The antibodies used and their dilutions were as follows: anti-Myc-tag mAb (My3; MBL, Tokyo, Japan), 1:200; anti-NR1D1 pAb (Rev-Erbα) (PM092; MBL, Tokyo, Japan), 1:200; anti-CLOCK (18,094–1-AP; Proteintech, Chicago, IL, USA), 1:500; anti-ARNTL (BMAL1) (14,268–1-AP; Proteintech, Chicago, IL, USA), 1:3000; HRP-linked anti-mouse IgG (NA931; Cytiva, Marlborough, MA, USA), 1:1000; and HRP-linked anti-rabbit IgG (NA934; Cytiva), 1:1000.

Samples were collected from 24 to 52 h after the addition of dexamethasone and were prepared as described above. Total RNA was extracted using RNeasy-plus Micro kit (QIAGEN, Venlo, Netherlands). The RNA concentration was measured using a spectrophotometer. Reverse transcription was performed using ReverTra Ace (Toyobo Biotechnology, Osaka, Japan) and 3 µg total RNA. Quantitative RT-PCR was performed using QuantStudio 3 (Applied Biosystems, Waltham, MA, USA) in 20 µL reactions containing 10 µL 2 × TaqMan gene expression master mix (Applied Biosystems), 4 µL reverse transcription reaction mixture, and 1 µL 20 × TaqMan gene expression assay (HS01587195_m1 for BMAL1 and HS02786624_g1 for GAPDH, Applied Biosystems). Relative expression was calculated using Pfaffl’s method³⁷, with GAPDH used as an internal control.

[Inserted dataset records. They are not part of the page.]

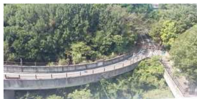
橋までのアクセス道路
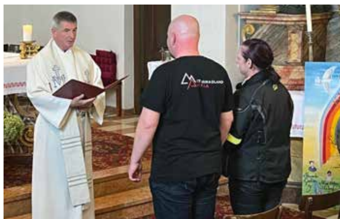
Nach 20-jähriger Ehe erneuerte ein Biker-Pärchen in der Pfarrkirche Bad Loipersdorf ihr Eheversprechen.

An diesem Tag zeigte sich der Herbst in bester Manier. Eine gemeinsame Ausfahrt wurde von strahlendem Sonnenschein begleitet. Die Route führte durch die südliche Steiermark bis zur Kirche in Loipersdorf. Hier gab es zur Überraschung aller eine besondere Aktion. Ein Biker-Pärchen beging sein 20-jähriges Ehejubiläum und gab sich erneut das JA-Wort.
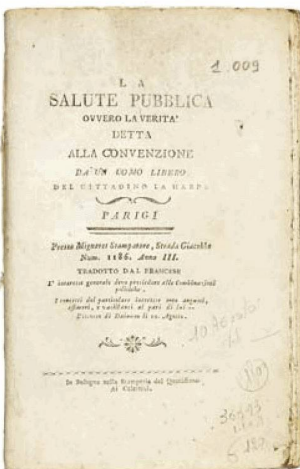
Frédéric César de La Harpe

Significant differences between more than two groups was evaluated using analysis of variance (ANOVA) followed by Tukey’s multiple comparison test using GraphPad Prism version 7.0 (GraphPad Software, San Diego, CA, USA). Rhythmicity was determined by the JTK cycle test²³. All P-values were from two-tailed tests. P < 0.05 was considered statistically significant.

All data generated or analyzed during this study are included in this published article (and its supplementary information files).